- [Dataset excerpt]

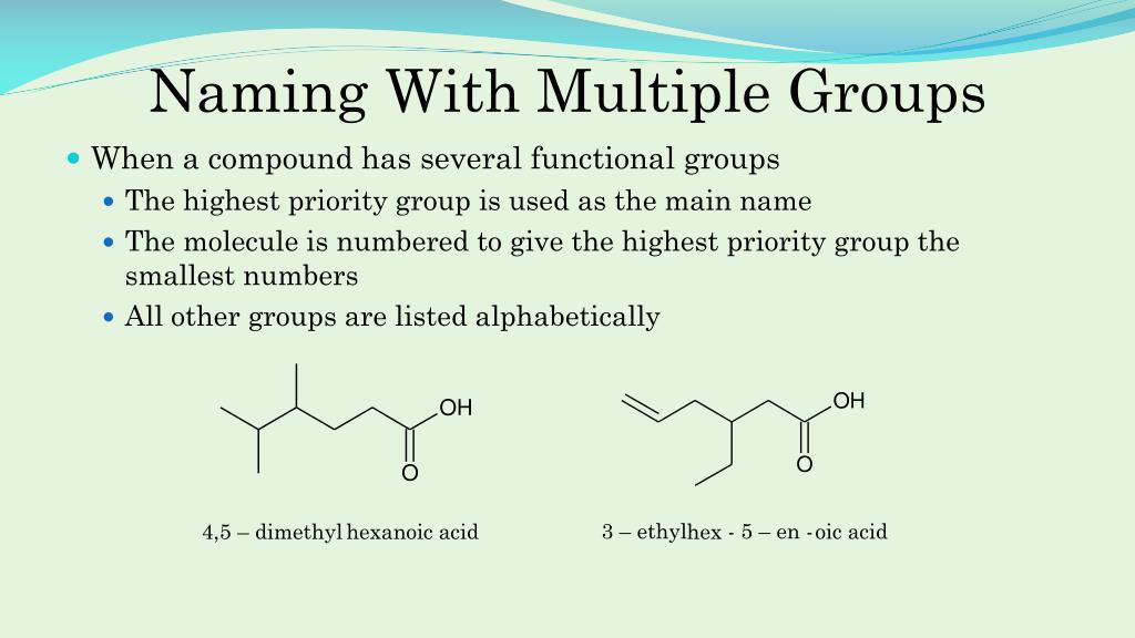Naming With Multiple Groups • When a compound has several functional groups • The highest priority group is used as the main name • The molecule is numbered to give the highest priority group the smallest numbers • All other groups are listed alphabetically 3 – ethyl - 5 – en - oic acid hex 4,5 – dimethyl hexanoic acid
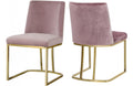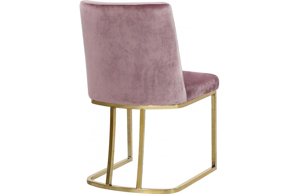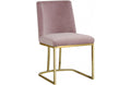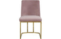 Lend your dining room a Hollywood-inspired vibe with this chic Henrique Pink Velvet Dining Chair. This pretty chair features velvety smooth upholstery on its back and seat cushions to comfort and pamper guests while they enjoy their meals. The pink color lends the chair a touch of cheery feminine panache and ensures that you make a big statement in your space. The metal frame has a polished gold finish that adds to the lavish look of this armless chair.
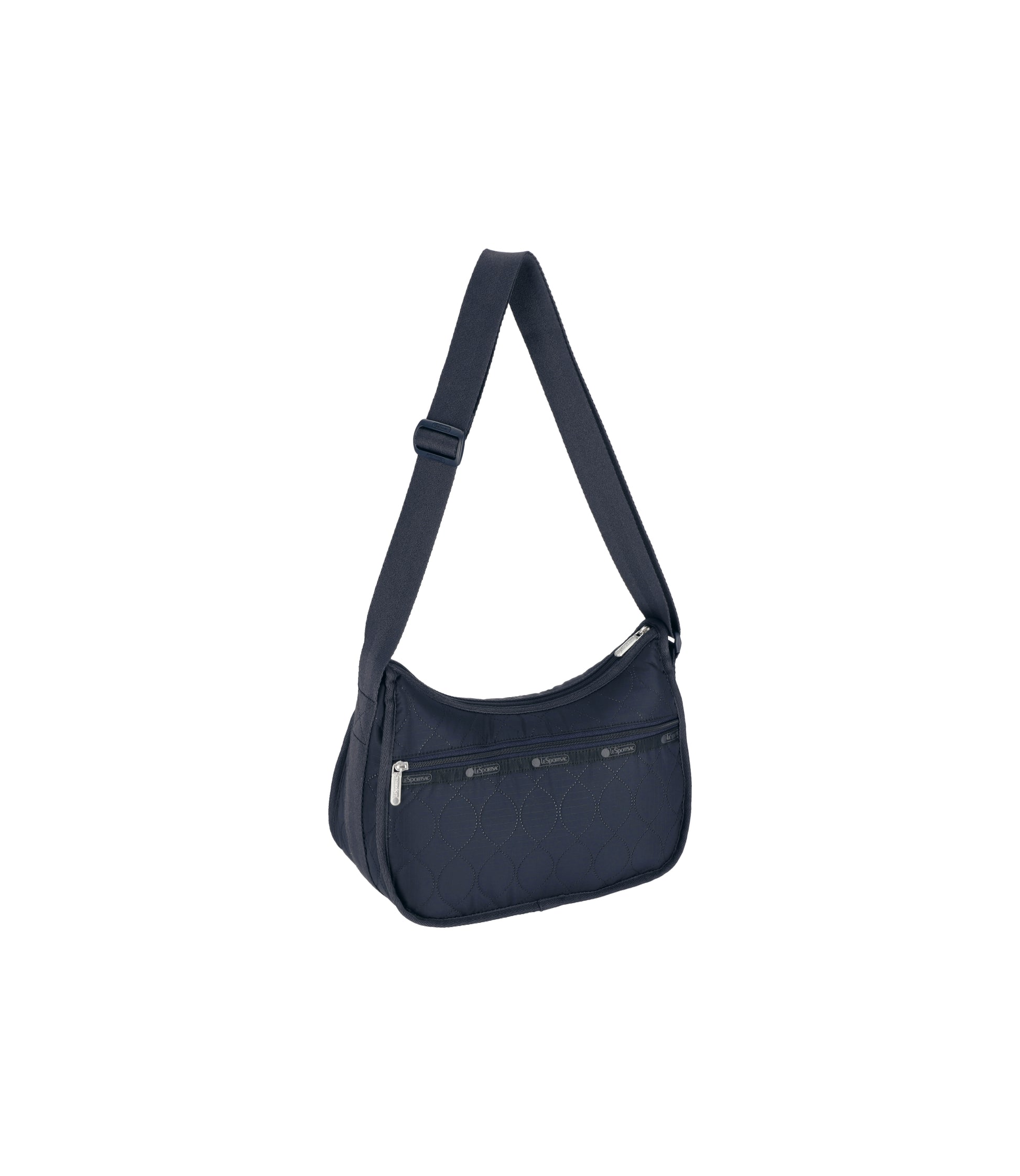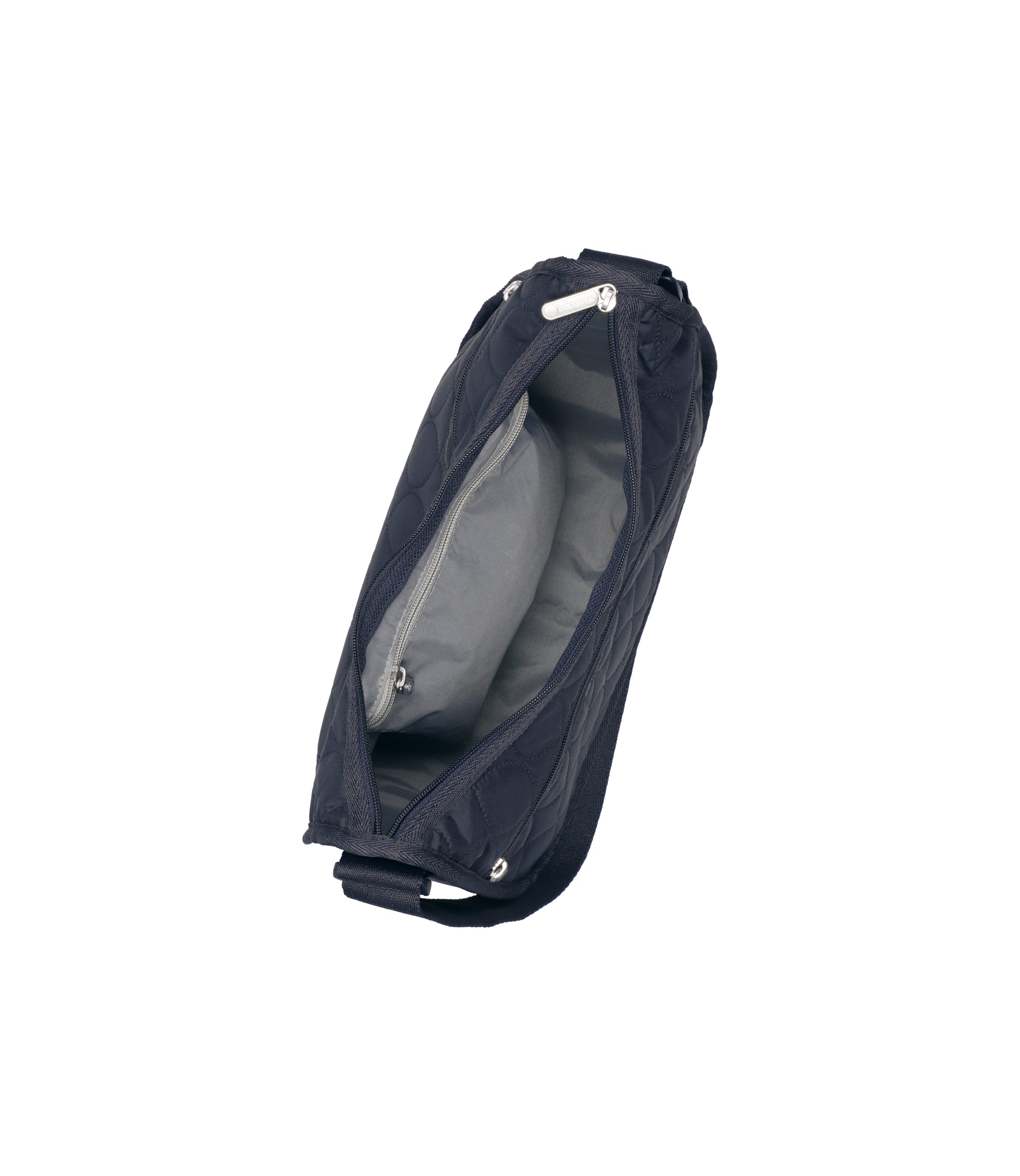 Zipped main closure, Exterior front pocket with zipped closure, Exterior back pocket with zipped closure, Interior back wall hanging zipper pocket, Adjustable shoulder strap (Max. 50in / 127cm), Includes matching pouch with zipped closure

- [Work required] Omit all images when repeating the data above exactly.

- [Task response]
Naming With Multiple Groups • When a compound has several functional groups • The highest priority group is used as the main name • The molecule is numbered to give the highest priority group the smallest numbers • All other groups are listed alphabetically 3 – ethyl - 5 – en - oic acid hex 4,5 – dimethyl hexanoic acid
 Lend your dining room a Hollywood-inspired vibe with this chic Henrique Pink Velvet Dining Chair. This pretty chair features velvety smooth upholstery on its back and seat cushions to comfort and pamper guests while they enjoy their meals. The pink color lends the chair a touch of cheery feminine panache and ensures that you make a big statement in your space. The metal frame has a polished gold finish that adds to the lavish look of this armless chair.
 Zipped main closure, Exterior front pocket with zipped closure, Exterior back pocket with zipped closure, Interior back wall hanging zipper pocket, Adjustable shoulder strap (Max. 50in / 127cm), Includes matching pouch with zipped closure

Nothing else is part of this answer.